Blog
The Emperor’s New Clothes
6 December 2014
Often when talking about gravity and general relativity the “fabric of spacetime” will be mentioned. This fabric is often visualized as a kind of rubbery sheet that can be bent and stretched by the presence of masses. We use this kind of imagery so often that one might imagine that’s actually what spacetime is. But if spacetime is a fabric, it is the same type of fabric used to make the Emperor’s new clothes.
I’ve been teaching introductory electromagnetism this term, and the one thing students often struggle with is the abstraction of it all. We start by looking at forces between charged objects, which is clear enough. But then we talk about how each charge creates an electric field around itself, and other charges interact with that field to experience a force. A nice enough description, but then we shift our focus to the field itself. An electric field can cause charges to flow through a wire, which produces a magnetic field, but a changing electric field can produce a magnetic field without any charges at all. Of course such mutually oscillating electromagnetic fields are what we call light.
What started as a mathematical construct for determining the force on a charge becomes a thing in and of itself. Electromagnetic fields are an abstract physical quantity. When we talk about waves of electromagnetism, we often use the analogy of water waves. But water waves travel through the medium of water, while light waves travel through no medium at all. They have energy, but no mass. They have momentum, but no unique force. Most are invisible to human eyes. But despite this abstraction, electric and magnetic fields are taken to exist within the framework of space and time. No matter how abstract electromagnetism seems, it is a thing that exists within spacetime.
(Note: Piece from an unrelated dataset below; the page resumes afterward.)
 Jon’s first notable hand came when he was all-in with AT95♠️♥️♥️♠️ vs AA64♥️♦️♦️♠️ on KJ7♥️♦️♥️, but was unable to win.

Which is why relativity can be even more difficult for students to wrap their heads around. We often start with special relativity, where the constancy of light can be used to describe the strange effects of time dilation, length contraction and the like. Even though it’s stressed that this relative behavior of space and time is an inherent property, that even the concept of “now” is relative, many students still imagine a background framework against which all this relative stuff occurs.
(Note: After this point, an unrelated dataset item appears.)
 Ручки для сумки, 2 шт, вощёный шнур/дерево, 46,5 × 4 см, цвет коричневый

But in general relativity the last vestige of that background is wiped away. Just as electromagnetic waves travel not through a medium, but on their own, the warps and wefts of spacetime occur not relative to some fixed background, but as an inherent behavior of space and time. This is why masses can curve space without bending it into some higher dimension, and why the universe can expand without expanding into anything. While it helps to imagine spacetime as a bendy-stretchy fabric, just as it helps to imagine light as waves of water, it’s only an analogy to help visualize the complexity of space and time.
This sometimes raises the question as to whether space and time are physical quantities. It’s an idea that’s been argued about for years. On the one hand, spacetime has no mass, energy, or momentum, and can only be quantified by observing the behavior of other physical objects. On the other hand, it is warped by masses, and through gravitational waves can carry energy from one region of the universe to another. Regardless of one’s position on the metaphysics, it is clear that we can describe the structure of spacetime and its effects on light and matter quite well mathematically.
Of course this ambiguity is part of the reason quantum gravity can be so problematic, but that’s a story for another time.